La perinola plástica tiene seis lados, y se obedece lo que diga el lado que queda hacia arriba luego de hacerla girar: «tome uno», «tome dos», «ponga uno», «ponga dos» o «todos ponen». La sexta cara era la que todos deseábamos: «tome todo».
Poco a poco, en el suelo se iba juntando un creciente montón de carteritas hasta que alguien sacaba «tome todo». Quien se hubiera quedado sin carteritas abandonaba el juego. Los montoncitos podían cambiar de propiedad durante el juego, aunque normalmente quien tirara el «tome todo» buscaba la manera de retirarse. Y allí empezaban los problemas, pues a nadie le gustaba que lo blanquearan así nomás.
Y estaba el recurso del gavilán. Si alguien gritaba esa palabra clave, había que tirarse encima de las carteritas propias y tratar de apropiarse del botín en el centro. Era una manera tramposa de finalizar el juego y de apropiarse de lo ajeno, pero bajo un código de honor no escrito solamente quedaba aceptar las pérdidas. También podía terminar todo en una pelea a trompadas porque quienes gritaban «gavilán» eran casi siempre los mismos y a veces ni eran parte del juego.
Y parece que la sociedad ha aprendido a vivir un eterno juego de perinola.
El tema es ganar. Ganar rápido y con suerte, ganar con paciencia (ganando y perdiendo en el camino), perder y prepararse para volver al juego y ganar. Ganar con perinolas cargadas y, si todo falla, ganar a lo gavilán.
Ser ganador, ser number one, está en el ADN de la sociedad moderna. Lo contrario es ser un loser, un perdedor, un fracasado. Nadie siquiera recuerda a los segundos lugares, dicen.

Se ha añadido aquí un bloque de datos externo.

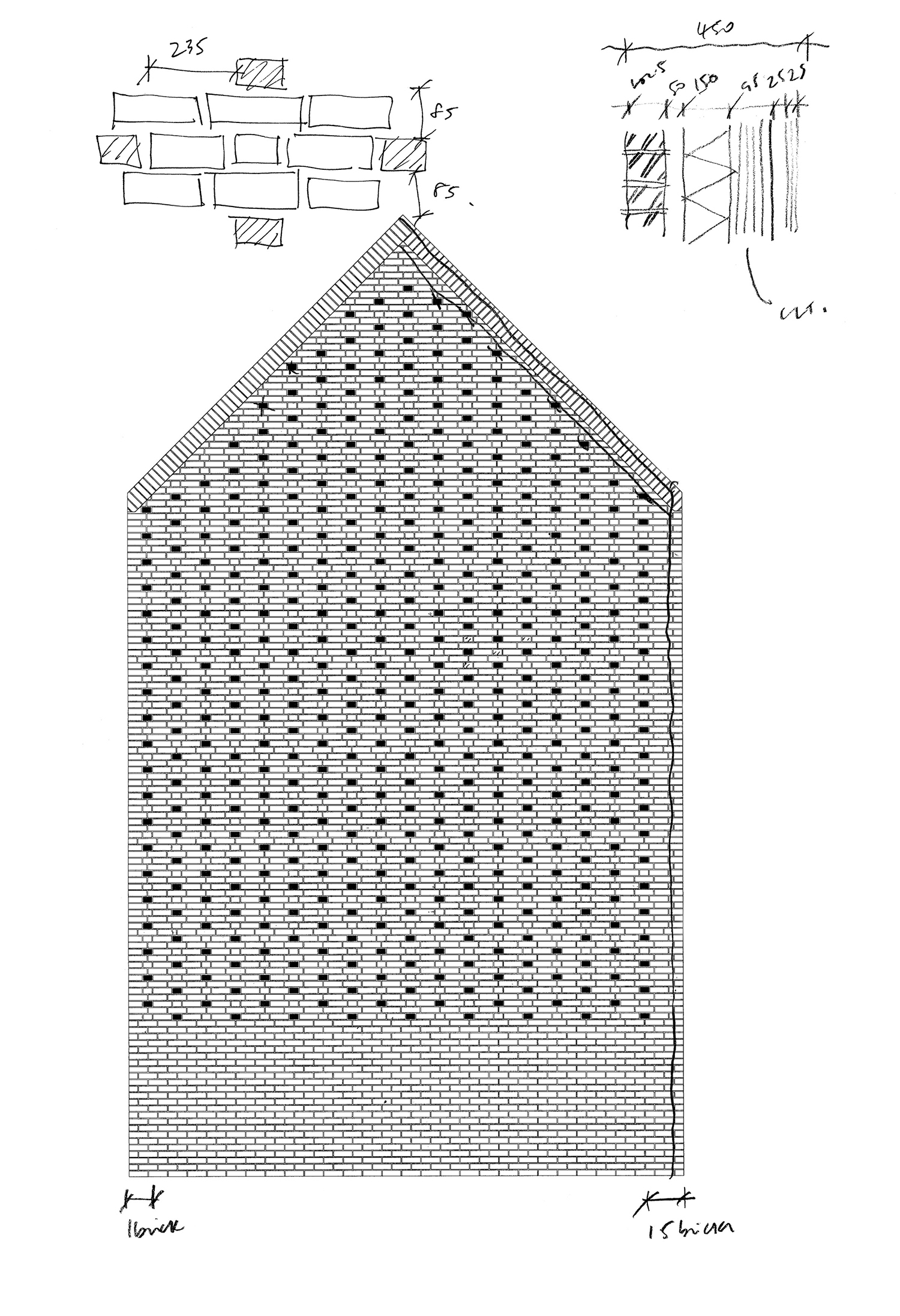 To reflect the sites its semi-rural context, the project is conceived as a field of barn-houses with a range of 2-and 3-storey dwellings varying in width and height to accommodate a range of interior layouts within. The considered orientation of dwellings with gable ends facing east and west provides a buffer to the nearby A10 highway, with all dwellings designed to maximise southern aspect and benefit from increased natural light and enhanced thermal performance. Pitched roofs and strong gable ends define the character of the buildings, along with a paired-back palette of brickwork and the presence of timbre louvres which recall agricultural forms. Diamond and staggered protruding brickwork adds texture to blank facades and articulates and enhances the simple domestic forms.
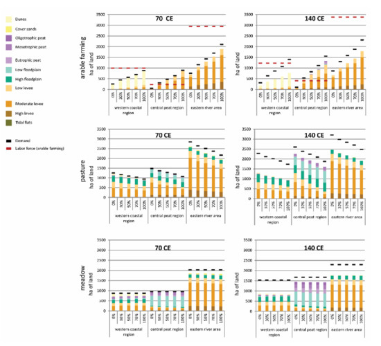 - Joyce, J. Modelling agricultural strategies in the Dutch Roman limes zone via agent-based modelling (ROMFARMS). In Finding the Limits of the Limes. Modelling Demography, Economy and Transport on the Edge of the Roman Empire; Verhagen, P., Joyce, J., Groenhuijzen, M.R., Eds.; Simulation Studies in Archaeology; Springer: New York, NY, USA, 2019; pp. 109–128. [Google Scholar]
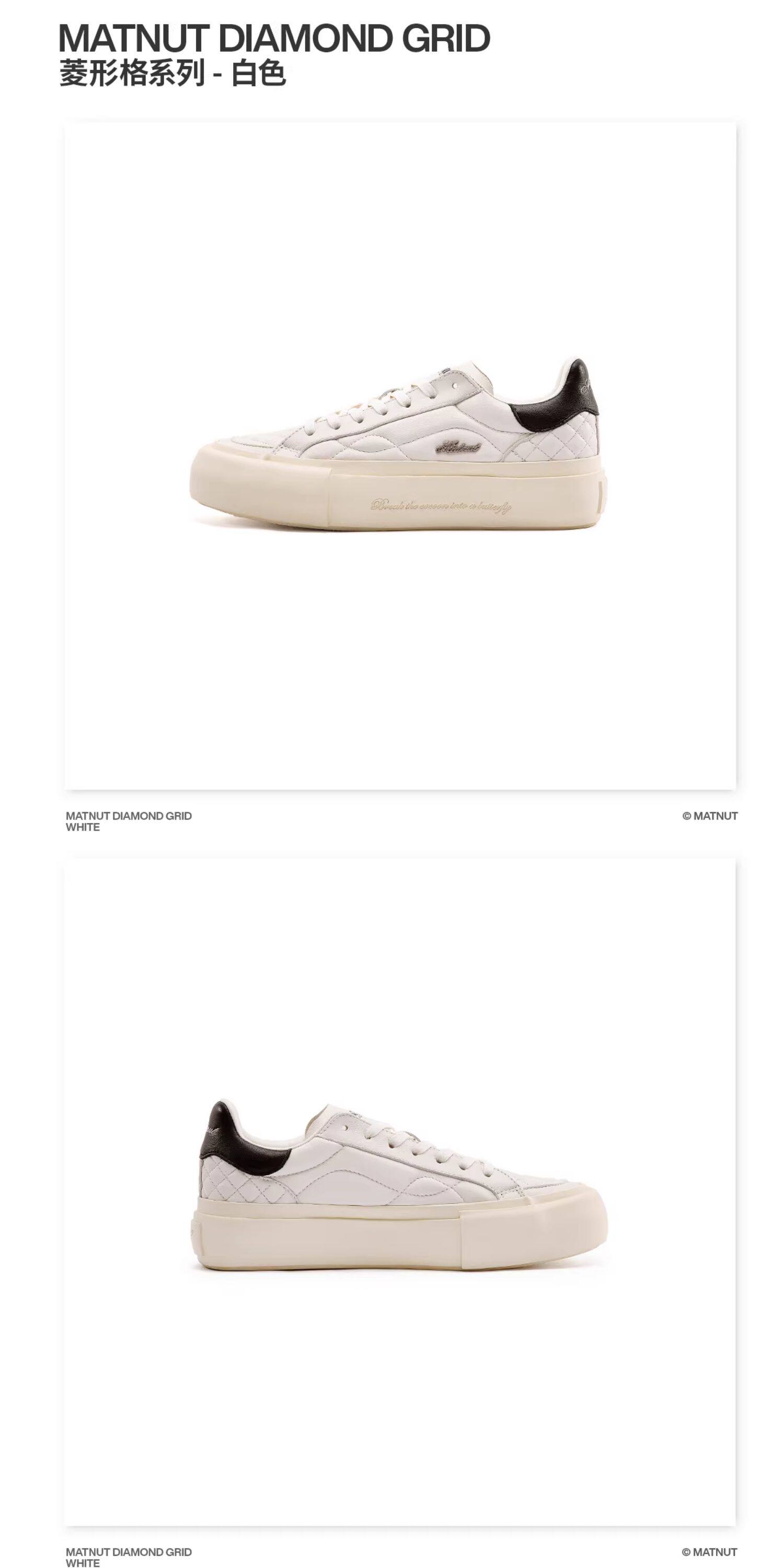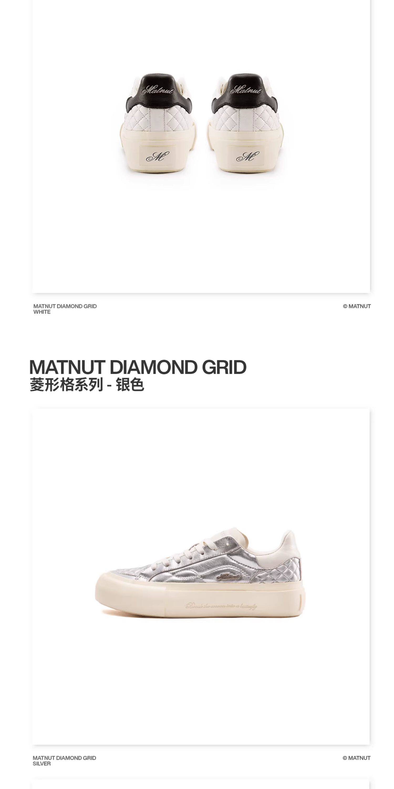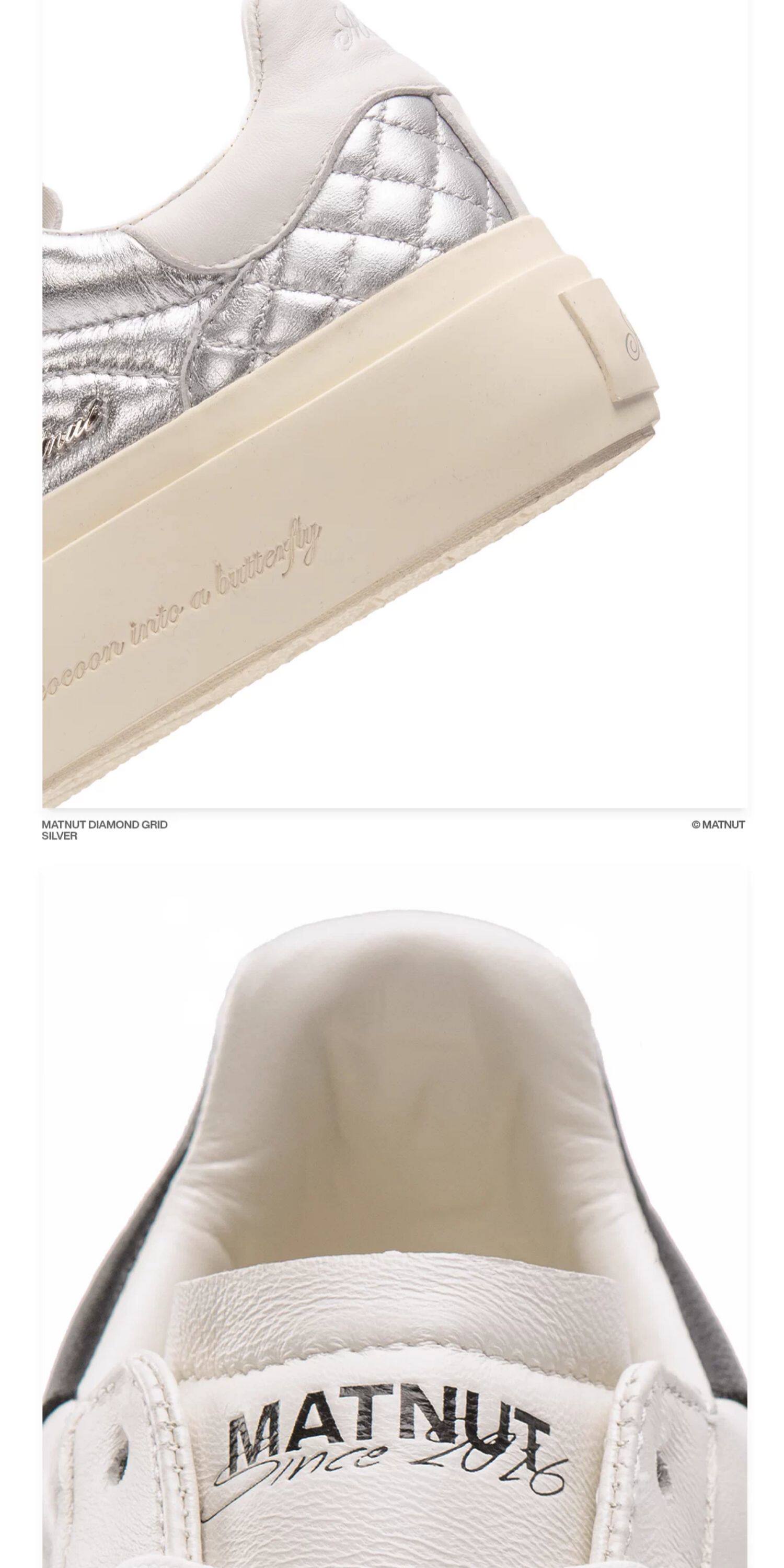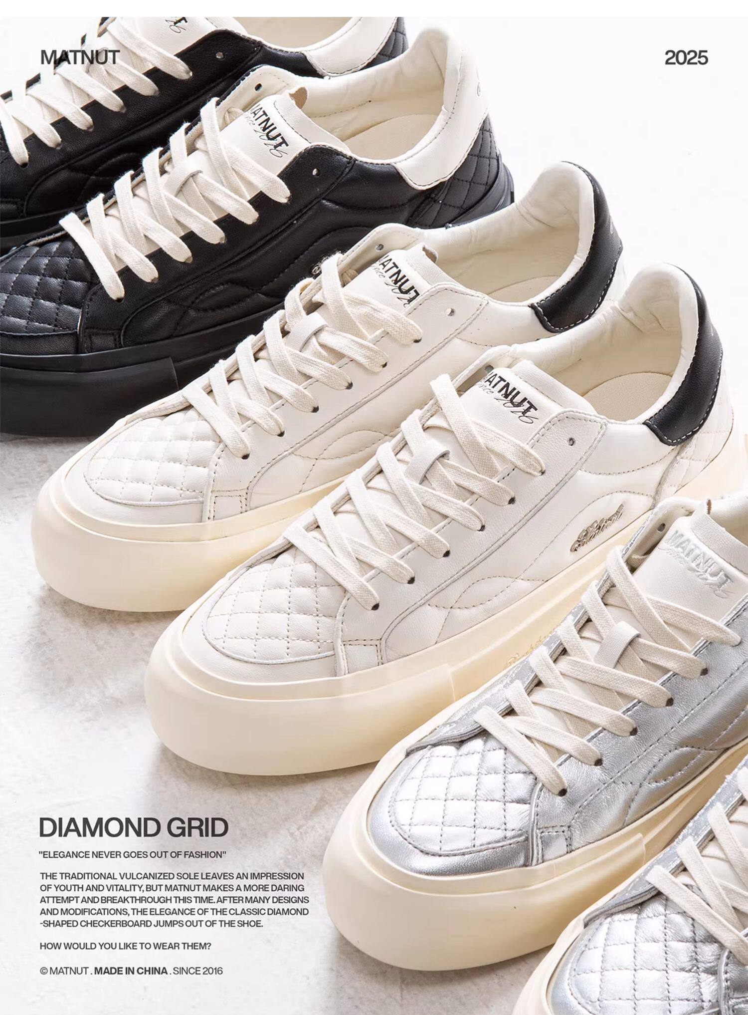 Matnut Type 3.0 Diamond Pattern Series Soft Sheepskin Black White Silver Thick-Soled Height-Increasing Sneakers

Y así, entrenados con juegos infantiles, bombardeados con mensajes comerciales (¿recuerdan «solo para ganadores»?), adoctrinados por películas, telenovelas y demás recursos del sistema, todos entramos en el juego de ser número uno.
Vea lo que sucede en la escuela. Los padres presionan a sus hijos e hijas para que sean número uno en la clase. Es una lucha titánica. Los padres piensan que están haciendo su trabajo, y los niños y las niñas piensan que de eso depende que los quieran. Recuerdo el caso de una adolescente que se colgó de una viga porque no había llevado las calificaciones que sus padres le exigían.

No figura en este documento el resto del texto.